I think freedom is the ability to make informed choices, AND the courage to live with the consequences of a choice, however painful and unpleasant.

I think it was Covey in his book, Seven Habits of Effective People, who said that, to be mature is to be able to make delayed responses to stimuli. To make an informed choice is to delay gratification, at least long enough to evaluate the relevant information and options.

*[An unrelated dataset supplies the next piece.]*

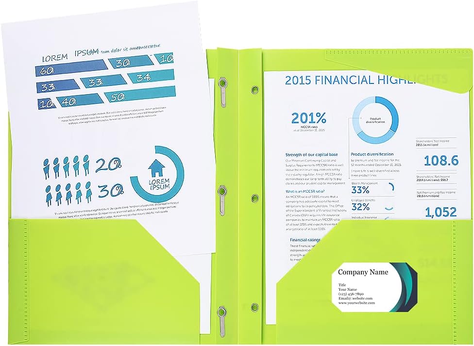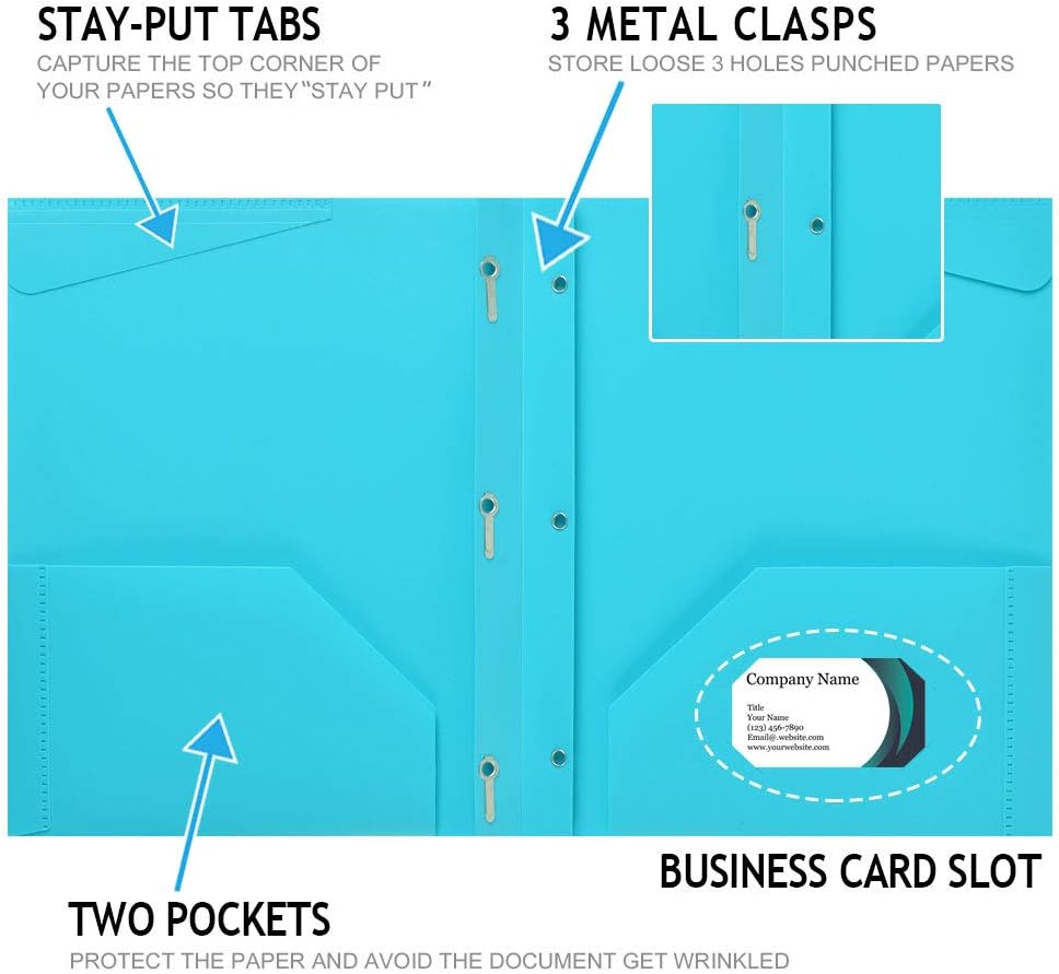 مجلدات بلاستيكية شديدة التحمل مع جيوب وشوكة: مصنوعة من مجلدات الشقوق البلاستيكية 3 من مادة بولي شاقة بسمك 0.5 ملم ، مما يجعلها أكثر متانة من المنتجات المماثلة في السوق. هذا يضمن أن يتمكنوا من تحمل الاستخدام اليومي وتوفير دعم موثوق لمستنداتك.

It doesn't mean paralysis by analysis, with such detailed collection of all possible options and information; it means relevant information. As Colin Powell wrote in his books, an intelligent person is one who has the kind of judgment to decide what is right. And to act on a decision when 100% of the facts and analysis are available is to be too late. He recommends acting on gut feeling after 40% to 70%.

After making the decision, the other side of freedom is the courage to live with the consequences of a decision. Sometimes the hard decisions are the ones that lead to unpleasant and frightening consequences. Courage is not having no fear; it is the ability to go on in spite of fear.

A balanced approach to freedom is the making of responsible choices, after collecting sufficient information to make an informed choice, walking with eyes wide open into the consequences of the choice to be made, the option set apart from all the rest, the act of deciding.

To indulge in all the myriad of material luxury in our society, the nomadic devices that are double-edged swords, is not to be free, but to fall into the trap of feeling free while being enslaved.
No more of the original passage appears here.